Die Thüringer Corona-Verordnungen vom 9. Juni und 7. Juli (und deren Änderung am 7. November) vergangenen Jahres wurden als teilweise nichtig erklärt. Die daraus resultierenden Bußgeldregelungen sind daher ebenfalls nichtig, so das Gericht
in einer Medieninformation zum Urteil.
Urteil nach AfD-Antrag
Das Urteil erging auf Antragstellung der AfD-Fraktion im Thüringer Landtag, welche die betroffenen Verordnungen formell und materiell nicht mit der Thüringer Verfassung vereinbar und damit als nichtig ansieht. Die zur Eindämmung des Corona-Virus erlassenen Ge- und Verbote wurden daher in ihrem Ausmaß durch die Verordnungsermächtigung des Infektionsschutzgesetzes als nicht mehr ausreichend gedeckt beanstandet.

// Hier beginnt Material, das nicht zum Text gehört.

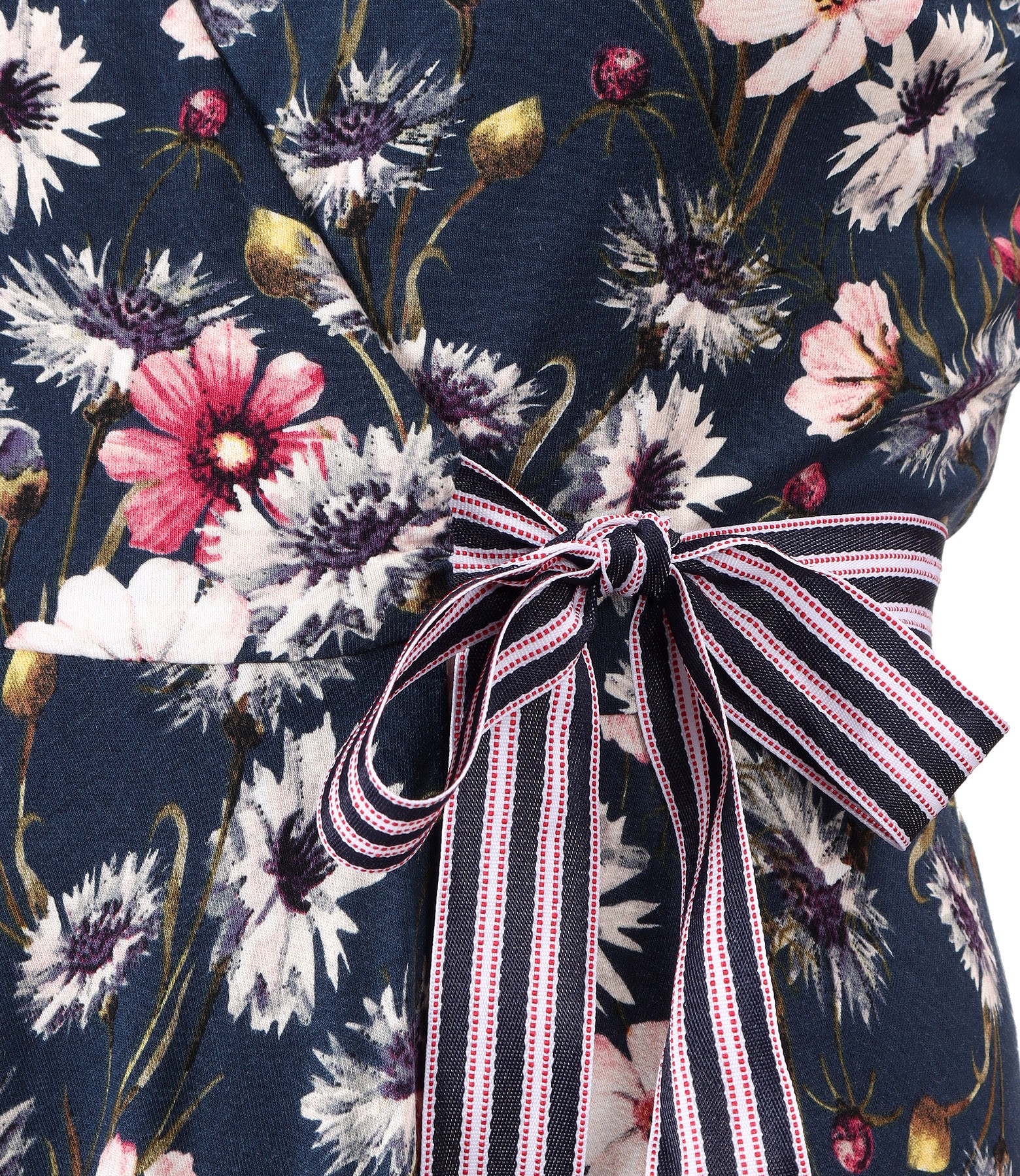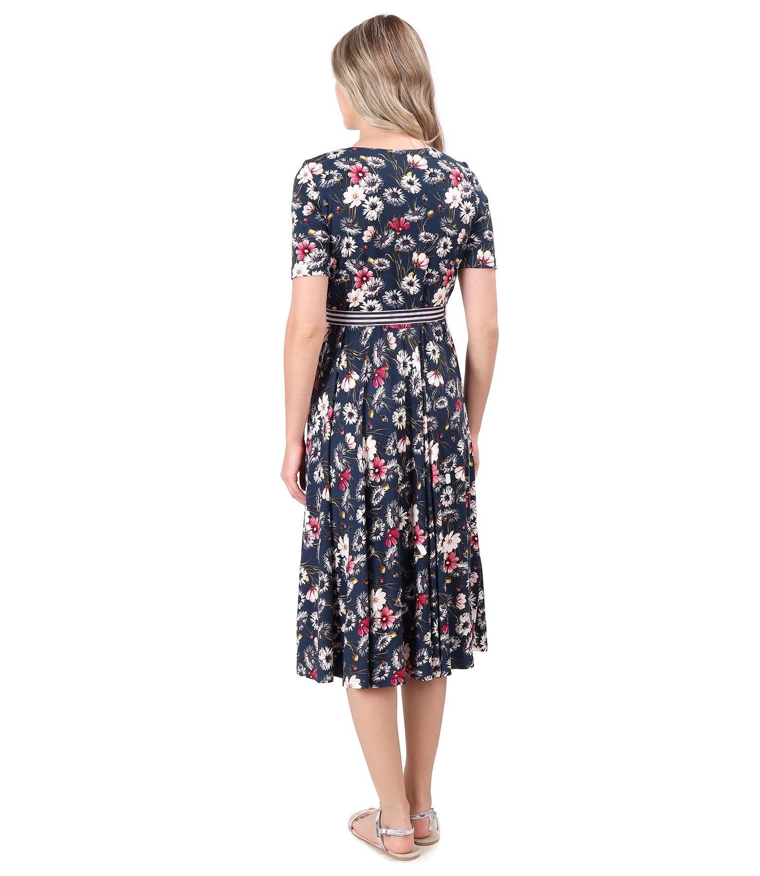 Midi dress made of elastic jersey printed with floral motifs (Navy Blue), size
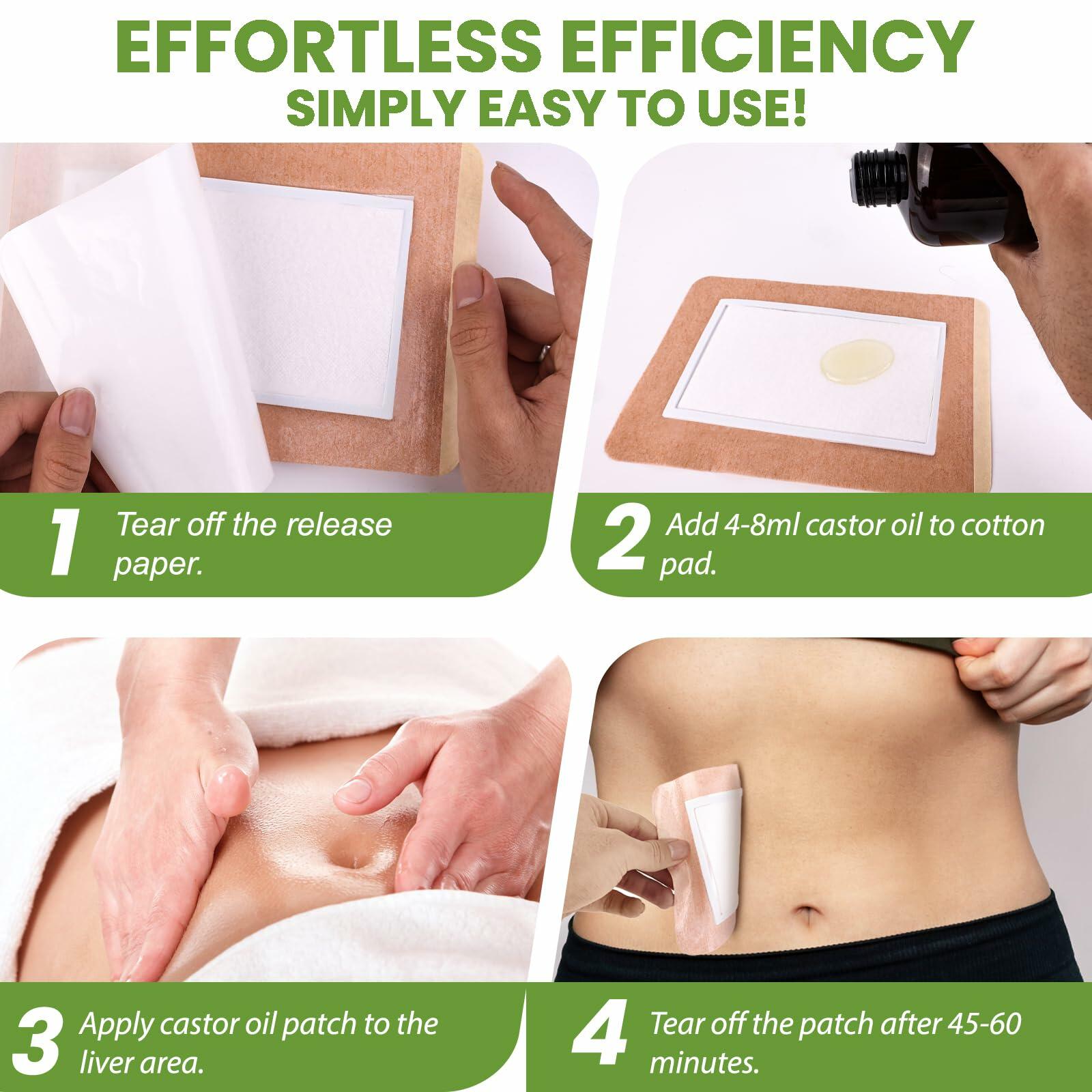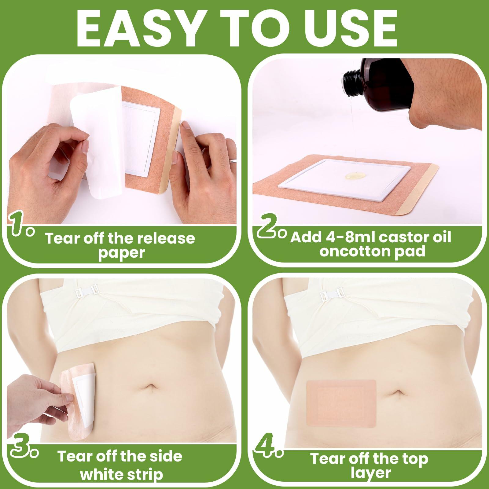 - How to Use- 1.Remove the backing paper. 2. Pour the right amount of wellnessamz black castor oil or others essential oil onto the middle of the cotton fabric. 3. Stick it onto your body anytime day and night. This organic cotton castor oil pack is more convenient compared to the traditional castor oil kit.

Der in Thüringen ansässige stellvertretende Bundesvorsitzende der AfD und ehemalige Vorsitzende des Rechtsausschusses des Bundestages, Stephan Brandner, bezeichnete nach Bekanntwerden des Urteils die
Thüringer Landesregierung als „hoffnungslos überfordert mit der aktuellen Situation“, so der Bundestagsabgeordnete.
Die AfD in Thüringen
erklärte auf ihrer Website zum Urteil, dass dies
möglicherweise auch gute Nachrichten für jene seien, die durch die Mai-Verordnung finanzielle Einbußen erlitten hätten und nun Schadensersatzansprüche geltend machen könnten „oder Bürger, die gegen Bußgeldbescheide aus dieser Zeit rechtlich vorgehen möchten“. AfD-Landeschef Björn Höcke stellte dazu fest: „Die Richter haben es heute bestätigt: Die Landesregierung hat im ersten sogenannten ‚Lockdown‘ in Teilen verfassungswidrig gehandelt.“ Man freue sich über den Erfolg und werde weiter für „die Freiheit in unserem Land und gegen den Corona-Extremismus kämpfen“, so der Fraktionsvorsitzende.
Formelle Nichtigkeit
Nach
Angaben des „MDR“ sagte Verfassungsgerichtspräsident Stefan Kaufmann jedoch: „Die Nichtigkeit beruht allein auf formellen Gründen.“ Demnach sei insbesondere beim Erlass der Verordnung im Mai gegen das sogenannte Zitier-Gebot verstoßen worden, womit gemeint sei, dass die von der Verordnung betroffenen Grundrechte nicht erwähnt worden seien, so der Sender.
Kaufmann habe noch gesagt, dass die verordneten Corona-Maßnahmen an sich, also auch Kontaktbeschränkungen oder Mindestabstand, mit der Verfassung vereinbar seien, so der Gerichtspräsident.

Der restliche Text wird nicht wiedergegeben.